Concept And formula used :-

• As we know that, when something is bent to form another shape , length or perimeter of both shapes remains same .

• Area of Equaliteral ∆ = (√3/4) * (side)²

• Perimeter of Equaliteral ∆ = 3 * side

• Perimeter of Square = 4 * (side of Square)

• Area of Square = (side of square)²

• Perimeter of Rectangle = 2(Length + Breadth)

• Area of Rectangle = Length * Breadth .

Solution :-

we have given that, when wire was bent in the form of an equilateral triangle it encloses an area of 36√3 cm².

So,

→ Area of Equaliteral ∆ = 36√3 cm²

→ (√3/4) * (side of Equaliteral ∆)² = 36√3

→ (side of Equaliteral ∆)² = 36 * 4

→ (side of Equaliteral ∆)² = (9*4) * 4

→ (side of Equaliteral ∆)² = (3)² * (4)²

→ (side of Equaliteral ∆)² = (3*4)²

→ (side of Equaliteral ∆)² = (12)²

Square - root both sides,

→ side of Equaliteral ∆ = 12 cm.

Therefore,

→ Perimeter of Equaliteral ∆ = 3 * sides = 3 * 12 = 36cm.

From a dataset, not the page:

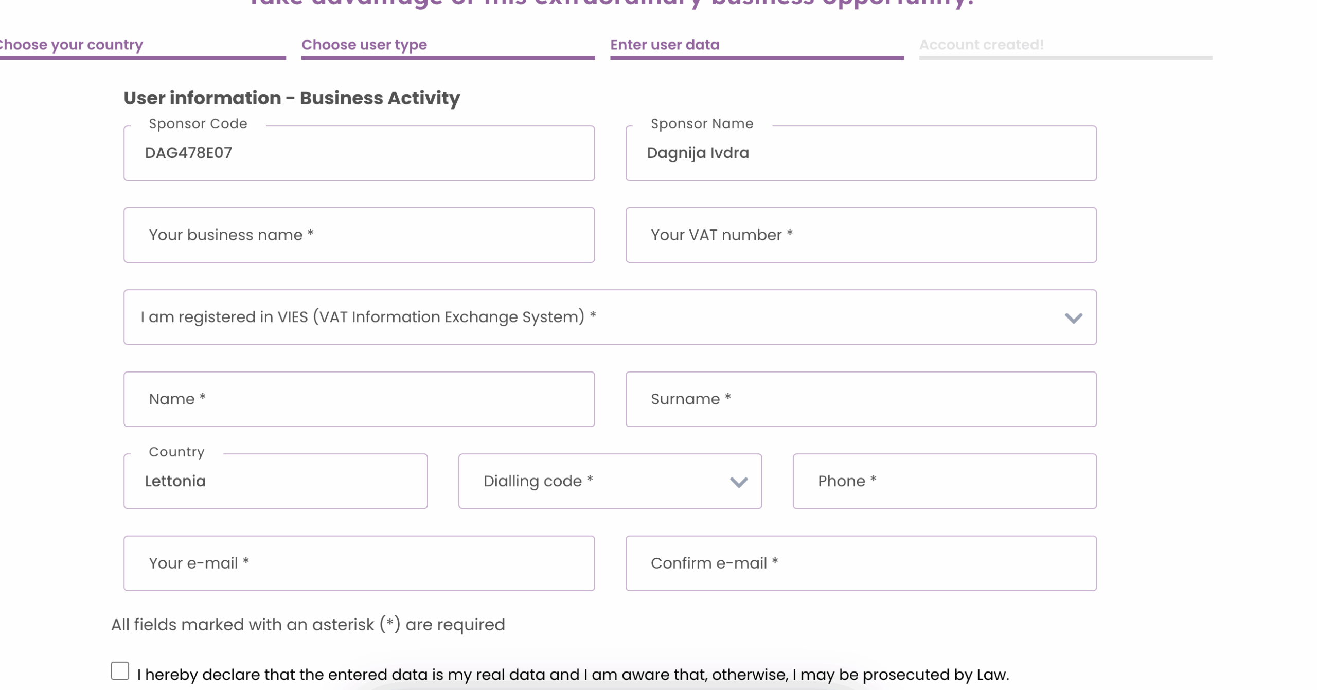 2.5. Ievadi manu sponsora kodu – DAG478E07 un aizpildi visus nepieciešamos datus. Bez sponsora koda nebūs iespējams reģistrēties.

now, we can conclude that, Perimeter of all shape will be 36cm.

_________

when bent in the form of Square :-

→ Perimeter of Square = 36cm.

→ 4 * side of Square = 36

→ side of Square = (36/4)

→ side of Square = 9cm.

Therefore,

→ Area enclosed by Square shape = (side of Square)² = (9)² = 81 cm² (Ans.)

_________

when bent in the form of Rectangle :-

→ Perimeter of Rectangle = 36cm.

We have given that, length of rectangle is 2 cm more than its width.

→ Let, width of rectangle = x cm.

→ Length = (x + 2)cm.

So,

→ Periemeter of rectangle = 2(Length + Breadth).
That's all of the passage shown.